I've been sitting here, trying to think of what to say about being a working mom, which I have been now for over seven months. It's something I'd like to talk about more in this space; I think it's as an important topic as finances to talk honestly about. At the same time I've been doing this for such a short amount of time and I'm always finding new dimensions, both the challenging and the rewarding.
I will say this: It's hard to face the demands of work and the expectations of others when being a mama and everything in my home world are my top priorities.
But also: At the same time, working challenges and engages me in ways that are different and that are important to being me and that fulfillment makes me a better mama. I feel really proud of myself both as a mama to Dashiell and partner to Chris and also for the ways I contribute at my job and the financial contribution I make to our family.
And this: Connecting with other working moms has been the number one thing that continues to buoy me and is something I feel very passionate about.
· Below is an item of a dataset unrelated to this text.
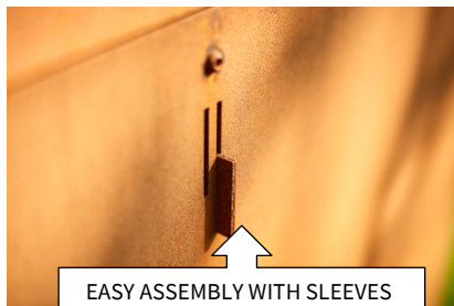
EASY ASSEMBLY WITH SLEEVES AND STRIPS

It is a stylish, durable and well thought-out outdoor furniture that can be given a prominent and visible place in your garden!

Finding other working moms that you can talk to about the good and the tough is the best advice I would give to other working moms or moms about to go back to work.
A few months ago I was talking to a colleague who is also a full time working mom. She has a young son and gave birth to a second son a few months before I had Dash. I told her I felt like I was starting to get the hang of being a working mom and asked her if you ever fully get used to it. "You never get used to it," she said, "you just adapt."
After seven months back at work, since Dash was twelve weeks old, I do feel that I am adapting. It was hard to go back to work when Dashiell was 12 weeks old. Really, really hard. But lately I'm feeling like we've found our routine and many days I actually enjoy it. I enjoy my time commuting with Chris or listening to podcasts if I'm alone. I enjoy working productively at my desk, having uninterrupted hours to work and interacting with my colleagues. I enjoy the feeling of accomplishment from completing a project that contributes to an organization that I believe in. At the same time I can't wait to get to Dashiell at the end of each day and I wish that I was not away from him for so many hours.
Even though it was hard to go back to work and I wish that I could have taken off more than 12 weeks I don't regret working and I don't wish that I was staying home full time. Before I had Dashiell I wasn't sure how committed I would feel to my blog once he was born. I've been surprised to find that I feel more committed to it and approach it more seriously now more than ever. I've even taken on additional creative projects like developing an e-course and recording a podcast. All of this has made me realize that I love to work and to create and that I will always have a dimension of work outside of motherhood in my life.
I feel like this is a bit rambling and that there are so many more things to say! But for now I will say: I'm seven months into being a working mom and I'm adapting.